Transaction Processing systems have been invented in the past using either of two communication mechanisms, RPC and Queued. Application servers like EJB containers can trace their lineage back to Transaction Monitors. These prescribed to a RPC style of communication to do transaction processing. One would use a JCA adapter to communicate to XA resources managed by JTA. Underneath the covers RPC would use the Two-Phase Commit protocol (TPC). In its most general form, the Paxos algorithm would be the mechanism to ensure consistency amongst distributed systems. In the quest to sell more capable hardware at exponentially higher prices, a RPC based approach seems to be an ideal motivator.

The problem though with RPC based Transaction Processing is that it is difficult to scale to many cheaper boxes. ( Scaling to use more servers is more economical since the cost increases only linearly and the horsepower isn’t bound to the latest technology the industry can provide.) The queued approach however has been shown over the years (TBD: show reference) to be the right approach to achieving scalability. The balance one works with is Latency versus Consistency.
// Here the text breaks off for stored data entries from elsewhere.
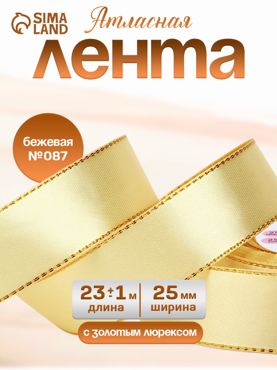 Лента атласная 25 мм х 23 м, с золотыми нитями, упаковочная для рукоделия, для декора и творчества, шитья, упаковки и оформления подарков
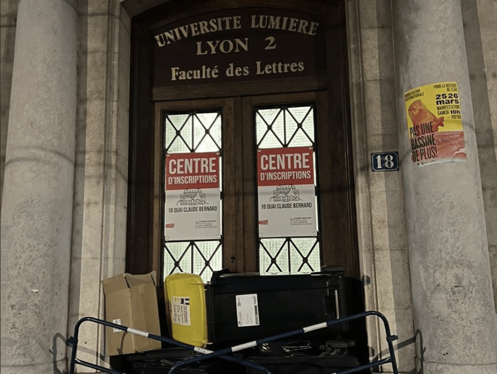 Blocus par les étudiants de l’Université Lyon 2. Crédit : Twitter.
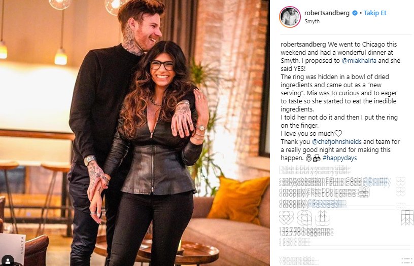 Şef sevgilisi uğruna sektörden ayrılıp, spikerlik yapmaya başlayan Mia Khalifa, ünlü şef sevgilisi Robert Sandberg'in, evlilik teklifine "evet" dedi. Şef sevgilisi Robert Sandberg ise Instagram'da şöyle yazdı: "Bu hafta sonu Chicago'ya gittik ve Smyth'de harika bir akşam yemeği yedik. Mia Khalifa'ya evlenme teklif ettim ve 'evet' dedi" ifadelerini kullandı.
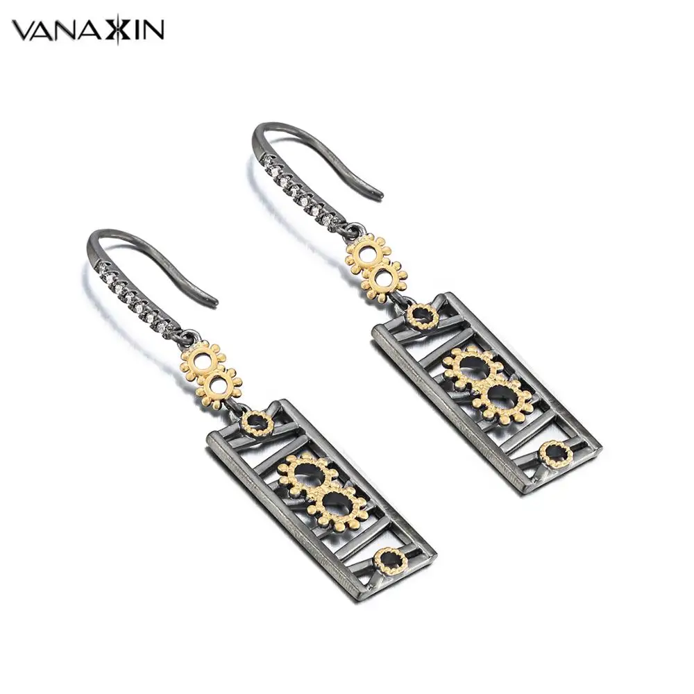 VANAXIN Vintage Earrings For Women Antique Thai Silver Party Drop Earrings Retro Jewelry Gift Box B
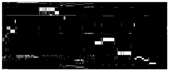 Uneven phenotyping in United States sorghum collection. Columns contain 2378 accessions with genomewide SNP data. Rows contain one trait measured in one study (787 rows). The same trait may occur multiple times in the matrix, measured in independent studies. White indicates a measurement, black, missing data. Horizontal white traces indicate traits that have been measured for many accessions in a single study. Vertical traces mark accessions that have been measured for many traits.
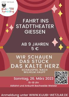 Das Jugendbildungswerk der Stadt Wetzlar lädt Kinder und Jugendliche ab 9 Jahren am Sonntag, 26. März, zu einem Besuch des Stadttheaters Gießen ein. Der Vorhang öffnet sich für das Stück „Das kalte Herz“, einem Schauspiel nach Wilhelm Hauff. Diese Veranstaltung wird durch das Aktionsprogramm „Aufholen nach Corona“ gefördert. Die Kosten für die Busfahrt und den Eintritt ins Theater belaufen sich auf 5 Euro. Abfahrt ist um 15 Uhr auf der Bachweide in Wetzlar.
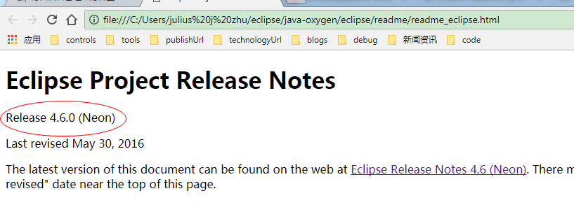 找到eclipse的安装目录,找到readme文件,打开其中的html文件,我的是4.6版本的,代号是oxygen
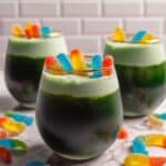 Ladle the green punch into glasses, leaving enough room at the top for the foam. Then, spoon a generous dollop of the toxic waste foam on top of each glass. The creamy foam will look like bubbling radioactive slime—so cool! If you want to go all out, toss a few gummy worms, frogs, and snakes right on top or let them hang over the edges. It’s a surefire way to impress your guests.
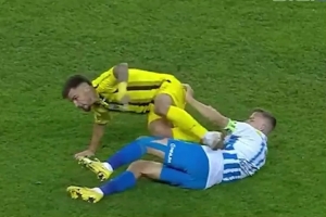 体育资讯9月28日讯 《太阳报》报道,罗马尼亚联赛惊现恶劣犯规,球员在被蹬踏后猛踹对手私处,被红牌罚下。
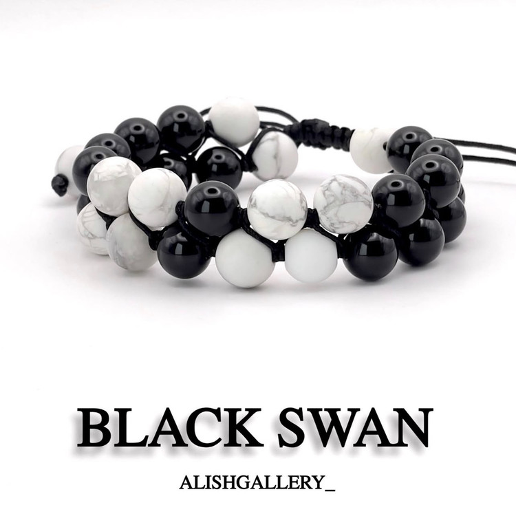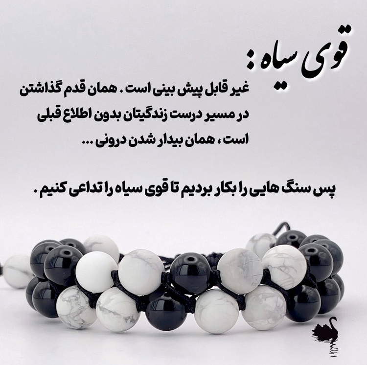 دستبند «قوی سیاه» یک نمونه کلاسیک از تعادل است. ما معمولاً ترکیب سنگهای سیاه و سفید را زیاد میبینیم، اما نکته متمایز این طراحی در ساختار دو ردیفه آن است. این ساختار باعث میشود تماس سنگ با پوست مچ دست (که محل عبور جریان خون و انرژی است) دو برابر شود.

In the RPC approach, latency is compromised for consistency in that TPC-like communications are very expensive. In the Queued approach, latency is also compromised in favor of consistency in that communication processing is performed asynchronously and not immediately.

A good analogy to explaining the difference in the approaches can be made by examining the difference in a pessimistic versus optimistic locking approach. In the pessimistic approach, one takes a preventive approach, such that all data is always synchronized. This is done, by reserving resources prior to execution. This reservation however reduces the amount of concurrency in the system. Think for example of a version control system where a developer has a file locked, with developers having to wait until it is unlocked. By contrast, a optimistic locking approach (aka. versioning), allows multiple developers to continue on their work in a non-blocking manner. Queueing is by its nature non-blocking and thus ensures maximum parallelism. However, there will always be that critical section that works on shared resources. The hope however, is that this critical section is performed in a single machine and in a manner that keeps locks short-lived.

At an abstract level you can gain insight from Patt Heland’s ‘Life Beyond Distributed Transactions‘ paper, where he emphasized the constraints that a system requires to enable transactions. A truncated list of his requirements are enumerated as follows:

  • Entities are uniquely identified – each entity which represents disjoint data (i.e. no overlap of data between entities) should have a unique key.
  • Multiple disjoint scopes of transactional serializability – in other words there are these ‘entities’ and that you cannot perform atomic transactions across these entities.
  • At-Least-Once messaging – that is an application must tolerate message retries and out-of-order arrival of messages.
  • Messages are adressed to entities – that is one can’t abstract away from the business logic the existence of the unique keys for addressing entities. Addressing however is independent of location.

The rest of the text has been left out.